Items from a data source:
---------------

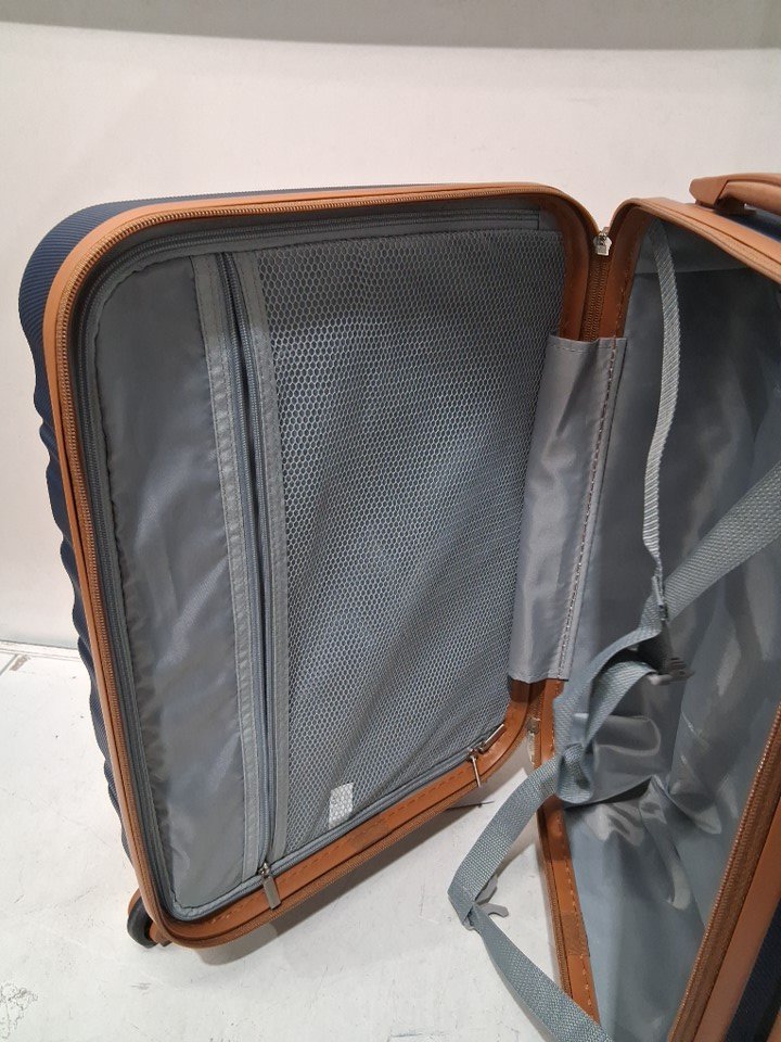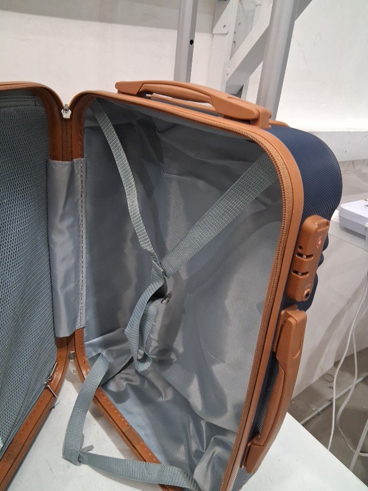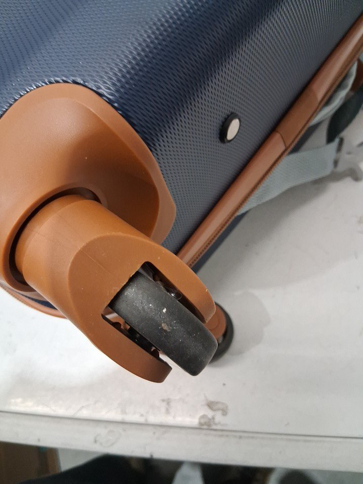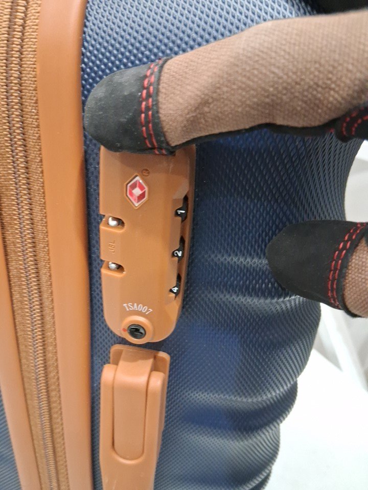 Scuffs and marks on the wheel would suggest light use. TSA LOCK passcode is set at "4 2 1"
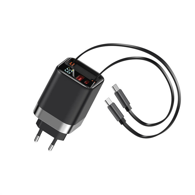 ที่ชาร์จเร็วแบบพกพา GaN 4 พอร์ต 65W รุ่นปี 2025 พร้อมหน้าจอ TFT แบบพับเก็บได้ อะแดปเตอร์ Type C และ USB
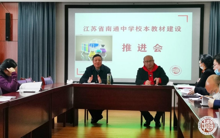 4月15日下午,南通中学校本教材建设推进会在科学楼三楼名师工作室召开,刘忠保副校长、校本教材编写组成员共同参加,教科处副主任潘雪峰主持会议。
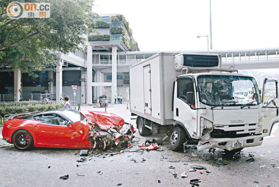 跑车失控越过对面线,一辆货车刚驶出,法拉利拦腰撞向货车右车身,法拉利车头被撞至扭曲变形犹如废铁,零件散落一地,而货车右车头灯和泵把被撞烂,右头辘被撞歪。何报称胸口痛,与货车上李姓男司机称颈及腰部痛,姓杨男跟车工人感晕眩,共三人被送往医院。
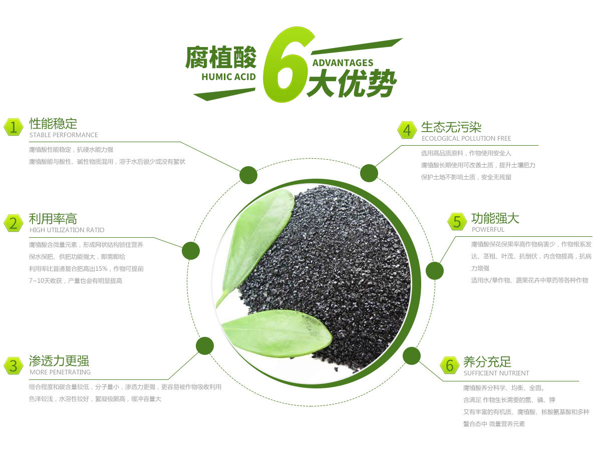 腐植酸養(yǎng)分科學(xué)、均衡、全面。含滿(mǎn)足 作物生長(zhǎng)需要的氮、磷、鉀
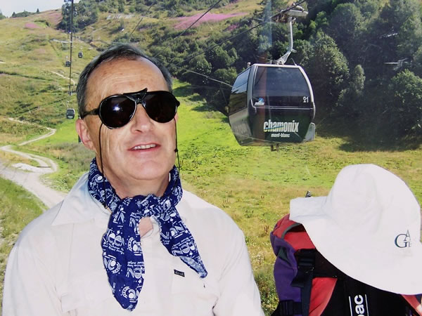 Eric on the aerial cable car from Le Tour to Charamillon.

---------------

YOUR TASK: Restate, exactly as they appear, the line with "腐植酸養(yǎng)分科學(xué)、均" and all the lines after it up to the end of the data above; images do not belong in the copy.

RESPONSE AREA:
 腐植酸養(yǎng)分科學(xué)、均衡、全面。含滿(mǎn)足 作物生長(zhǎng)需要的氮、磷、鉀
 Eric on the aerial cable car from Le Tour to Charamillon.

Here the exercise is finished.